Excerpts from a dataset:
= Beginning of Section =

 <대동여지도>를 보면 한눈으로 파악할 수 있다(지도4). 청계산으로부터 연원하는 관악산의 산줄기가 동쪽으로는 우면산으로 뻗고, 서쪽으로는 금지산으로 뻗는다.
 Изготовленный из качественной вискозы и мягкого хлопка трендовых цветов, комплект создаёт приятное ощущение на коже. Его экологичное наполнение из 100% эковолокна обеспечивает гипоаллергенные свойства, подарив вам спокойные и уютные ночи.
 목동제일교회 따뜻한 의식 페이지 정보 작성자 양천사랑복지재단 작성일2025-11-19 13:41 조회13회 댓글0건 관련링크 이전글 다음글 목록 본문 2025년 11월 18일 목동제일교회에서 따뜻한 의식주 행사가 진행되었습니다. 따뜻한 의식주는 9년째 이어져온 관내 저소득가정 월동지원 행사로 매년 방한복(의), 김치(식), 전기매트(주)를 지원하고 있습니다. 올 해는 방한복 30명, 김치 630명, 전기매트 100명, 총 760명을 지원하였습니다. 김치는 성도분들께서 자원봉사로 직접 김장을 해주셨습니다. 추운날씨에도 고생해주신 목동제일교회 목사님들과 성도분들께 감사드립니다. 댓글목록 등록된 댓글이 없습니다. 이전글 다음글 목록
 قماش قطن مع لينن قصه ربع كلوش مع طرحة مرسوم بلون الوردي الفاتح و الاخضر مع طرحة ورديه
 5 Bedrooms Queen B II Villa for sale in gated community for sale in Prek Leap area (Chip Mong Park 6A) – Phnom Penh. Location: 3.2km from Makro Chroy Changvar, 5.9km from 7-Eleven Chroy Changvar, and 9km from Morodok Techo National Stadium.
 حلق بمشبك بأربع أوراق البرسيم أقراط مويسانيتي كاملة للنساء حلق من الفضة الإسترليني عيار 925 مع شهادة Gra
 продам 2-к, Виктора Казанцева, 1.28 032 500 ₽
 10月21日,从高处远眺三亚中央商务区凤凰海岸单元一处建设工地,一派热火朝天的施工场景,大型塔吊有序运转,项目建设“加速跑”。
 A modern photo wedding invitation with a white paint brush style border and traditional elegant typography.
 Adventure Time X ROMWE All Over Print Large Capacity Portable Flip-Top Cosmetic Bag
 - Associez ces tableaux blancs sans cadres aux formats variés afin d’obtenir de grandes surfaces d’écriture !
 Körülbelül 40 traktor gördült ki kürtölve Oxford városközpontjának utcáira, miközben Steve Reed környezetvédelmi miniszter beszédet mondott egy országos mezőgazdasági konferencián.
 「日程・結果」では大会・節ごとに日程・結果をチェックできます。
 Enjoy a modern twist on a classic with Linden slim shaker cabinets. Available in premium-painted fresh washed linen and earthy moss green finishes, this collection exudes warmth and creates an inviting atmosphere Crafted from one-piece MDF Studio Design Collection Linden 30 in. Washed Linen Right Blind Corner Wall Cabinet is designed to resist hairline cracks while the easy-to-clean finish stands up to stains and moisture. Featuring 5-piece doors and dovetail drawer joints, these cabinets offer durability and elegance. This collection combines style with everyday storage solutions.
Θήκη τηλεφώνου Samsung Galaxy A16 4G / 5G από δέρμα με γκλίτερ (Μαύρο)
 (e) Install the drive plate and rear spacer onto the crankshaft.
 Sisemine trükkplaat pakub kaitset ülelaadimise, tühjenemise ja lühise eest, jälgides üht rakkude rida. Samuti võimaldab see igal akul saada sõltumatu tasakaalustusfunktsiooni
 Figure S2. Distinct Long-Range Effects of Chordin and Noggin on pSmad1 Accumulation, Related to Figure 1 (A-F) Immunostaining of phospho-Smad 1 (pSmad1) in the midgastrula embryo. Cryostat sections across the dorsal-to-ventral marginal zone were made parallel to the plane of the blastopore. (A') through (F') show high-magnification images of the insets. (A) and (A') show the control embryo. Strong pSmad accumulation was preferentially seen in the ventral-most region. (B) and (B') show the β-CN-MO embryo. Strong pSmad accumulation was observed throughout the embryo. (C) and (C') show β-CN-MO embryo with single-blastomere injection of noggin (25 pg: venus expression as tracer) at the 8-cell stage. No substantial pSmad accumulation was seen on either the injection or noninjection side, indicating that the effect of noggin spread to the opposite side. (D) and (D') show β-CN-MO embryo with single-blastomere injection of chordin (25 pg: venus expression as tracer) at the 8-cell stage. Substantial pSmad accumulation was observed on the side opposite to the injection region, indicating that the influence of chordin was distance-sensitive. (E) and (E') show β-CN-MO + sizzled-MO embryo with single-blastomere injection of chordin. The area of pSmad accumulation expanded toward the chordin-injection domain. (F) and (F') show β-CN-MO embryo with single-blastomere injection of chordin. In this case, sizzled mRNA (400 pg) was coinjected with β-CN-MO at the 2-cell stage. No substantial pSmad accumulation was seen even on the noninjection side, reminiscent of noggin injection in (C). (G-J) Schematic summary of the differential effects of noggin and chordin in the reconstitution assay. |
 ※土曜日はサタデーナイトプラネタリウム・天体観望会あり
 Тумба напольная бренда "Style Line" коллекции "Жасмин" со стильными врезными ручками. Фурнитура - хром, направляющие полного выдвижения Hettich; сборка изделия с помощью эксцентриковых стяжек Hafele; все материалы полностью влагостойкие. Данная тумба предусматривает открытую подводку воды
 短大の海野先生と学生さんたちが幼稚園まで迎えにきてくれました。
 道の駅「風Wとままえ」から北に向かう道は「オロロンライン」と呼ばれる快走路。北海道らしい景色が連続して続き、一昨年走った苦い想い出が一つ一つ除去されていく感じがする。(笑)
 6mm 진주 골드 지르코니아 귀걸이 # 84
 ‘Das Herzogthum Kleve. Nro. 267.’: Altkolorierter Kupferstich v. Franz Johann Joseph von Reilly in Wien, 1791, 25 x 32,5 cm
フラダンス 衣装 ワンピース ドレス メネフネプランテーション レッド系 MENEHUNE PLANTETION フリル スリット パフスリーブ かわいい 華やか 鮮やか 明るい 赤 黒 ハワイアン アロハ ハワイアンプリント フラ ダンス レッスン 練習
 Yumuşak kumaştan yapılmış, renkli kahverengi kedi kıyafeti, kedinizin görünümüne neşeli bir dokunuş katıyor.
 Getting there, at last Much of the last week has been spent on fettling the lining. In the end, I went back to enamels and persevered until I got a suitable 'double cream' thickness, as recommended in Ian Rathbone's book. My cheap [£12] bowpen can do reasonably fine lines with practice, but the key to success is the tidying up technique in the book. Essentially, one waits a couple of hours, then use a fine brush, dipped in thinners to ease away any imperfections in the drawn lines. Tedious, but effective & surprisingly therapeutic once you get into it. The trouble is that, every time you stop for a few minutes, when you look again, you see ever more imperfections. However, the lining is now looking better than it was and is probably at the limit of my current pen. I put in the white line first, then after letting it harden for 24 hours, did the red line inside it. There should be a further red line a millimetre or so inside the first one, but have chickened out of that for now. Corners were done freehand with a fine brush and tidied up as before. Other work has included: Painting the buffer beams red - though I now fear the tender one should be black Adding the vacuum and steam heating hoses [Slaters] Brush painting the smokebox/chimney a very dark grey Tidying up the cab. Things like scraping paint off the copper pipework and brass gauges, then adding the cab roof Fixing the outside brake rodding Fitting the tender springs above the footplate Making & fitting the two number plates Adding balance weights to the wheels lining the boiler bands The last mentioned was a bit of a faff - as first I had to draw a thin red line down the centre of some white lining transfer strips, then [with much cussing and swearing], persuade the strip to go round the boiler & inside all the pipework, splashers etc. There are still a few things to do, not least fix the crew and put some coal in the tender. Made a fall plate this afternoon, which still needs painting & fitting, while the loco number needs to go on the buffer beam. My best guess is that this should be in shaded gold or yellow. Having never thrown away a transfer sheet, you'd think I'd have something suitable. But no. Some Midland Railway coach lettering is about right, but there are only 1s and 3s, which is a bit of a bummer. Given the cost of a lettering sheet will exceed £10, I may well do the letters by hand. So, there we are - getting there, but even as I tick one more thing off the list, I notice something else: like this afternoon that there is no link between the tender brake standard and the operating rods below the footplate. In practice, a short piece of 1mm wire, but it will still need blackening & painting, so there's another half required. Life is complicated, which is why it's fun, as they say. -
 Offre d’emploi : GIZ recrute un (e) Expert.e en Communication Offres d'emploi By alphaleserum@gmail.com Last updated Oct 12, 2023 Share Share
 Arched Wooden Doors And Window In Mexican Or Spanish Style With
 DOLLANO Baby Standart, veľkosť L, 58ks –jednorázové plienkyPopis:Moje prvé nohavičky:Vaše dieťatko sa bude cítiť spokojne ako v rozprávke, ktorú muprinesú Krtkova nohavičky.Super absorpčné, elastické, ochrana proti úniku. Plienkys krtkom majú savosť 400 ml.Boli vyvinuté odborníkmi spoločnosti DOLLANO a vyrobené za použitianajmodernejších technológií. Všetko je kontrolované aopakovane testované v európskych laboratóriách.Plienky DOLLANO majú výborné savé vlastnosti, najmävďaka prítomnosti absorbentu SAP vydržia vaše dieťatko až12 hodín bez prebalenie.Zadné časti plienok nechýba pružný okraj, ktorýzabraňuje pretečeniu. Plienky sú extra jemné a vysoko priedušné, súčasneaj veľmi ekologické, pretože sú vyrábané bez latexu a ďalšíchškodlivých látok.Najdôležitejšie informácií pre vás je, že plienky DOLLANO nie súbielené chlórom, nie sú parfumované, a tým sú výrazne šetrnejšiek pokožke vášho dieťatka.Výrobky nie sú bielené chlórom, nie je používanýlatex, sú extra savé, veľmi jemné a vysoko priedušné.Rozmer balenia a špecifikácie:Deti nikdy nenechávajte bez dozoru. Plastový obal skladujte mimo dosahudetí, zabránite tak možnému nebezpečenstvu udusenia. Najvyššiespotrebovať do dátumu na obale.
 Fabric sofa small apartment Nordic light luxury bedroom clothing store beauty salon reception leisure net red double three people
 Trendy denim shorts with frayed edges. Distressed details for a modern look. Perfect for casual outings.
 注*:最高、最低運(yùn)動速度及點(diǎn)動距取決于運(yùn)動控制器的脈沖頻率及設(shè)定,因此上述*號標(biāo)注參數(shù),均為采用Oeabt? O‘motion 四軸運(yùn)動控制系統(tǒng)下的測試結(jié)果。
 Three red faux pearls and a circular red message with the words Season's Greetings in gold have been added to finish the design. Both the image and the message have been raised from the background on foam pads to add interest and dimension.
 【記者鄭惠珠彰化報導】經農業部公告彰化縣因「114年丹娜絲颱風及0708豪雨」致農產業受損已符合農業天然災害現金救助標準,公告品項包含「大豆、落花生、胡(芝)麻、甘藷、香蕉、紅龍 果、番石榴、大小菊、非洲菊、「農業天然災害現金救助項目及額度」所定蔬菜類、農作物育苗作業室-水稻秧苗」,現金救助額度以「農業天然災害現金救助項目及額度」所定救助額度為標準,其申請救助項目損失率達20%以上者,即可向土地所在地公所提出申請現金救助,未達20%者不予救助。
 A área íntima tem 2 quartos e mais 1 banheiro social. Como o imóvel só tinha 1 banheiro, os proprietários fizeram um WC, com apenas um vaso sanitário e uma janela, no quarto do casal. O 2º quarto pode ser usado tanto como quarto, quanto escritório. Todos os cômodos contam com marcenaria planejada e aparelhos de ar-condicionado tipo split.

= End of Section =

Assignment: When you reach the line with "6mm 진주 골드 지르코니아 귀걸이 # 84" in the records above, start writing out lines exactly, and stop once the line with "Yumuşak kumaştan yapılmış, renkli" has been written; include nothing else.

Response to the exercise:
 6mm 진주 골드 지르코니아 귀걸이 # 84
 ‘Das Herzogthum Kleve. Nro. 267.’: Altkolorierter Kupferstich v. Franz Johann Joseph von Reilly in Wien, 1791, 25 x 32,5 cm
フラダンス 衣装 ワンピース ドレス メネフネプランテーション レッド系 MENEHUNE PLANTETION フリル スリット パフスリーブ かわいい 華やか 鮮やか 明るい 赤 黒 ハワイアン アロハ ハワイアンプリント フラ ダンス レッスン 練習
 Yumuşak kumaştan yapılmış, renkli kahverengi kedi kıyafeti, kedinizin görünümüne neşeli bir dokunuş katıyor.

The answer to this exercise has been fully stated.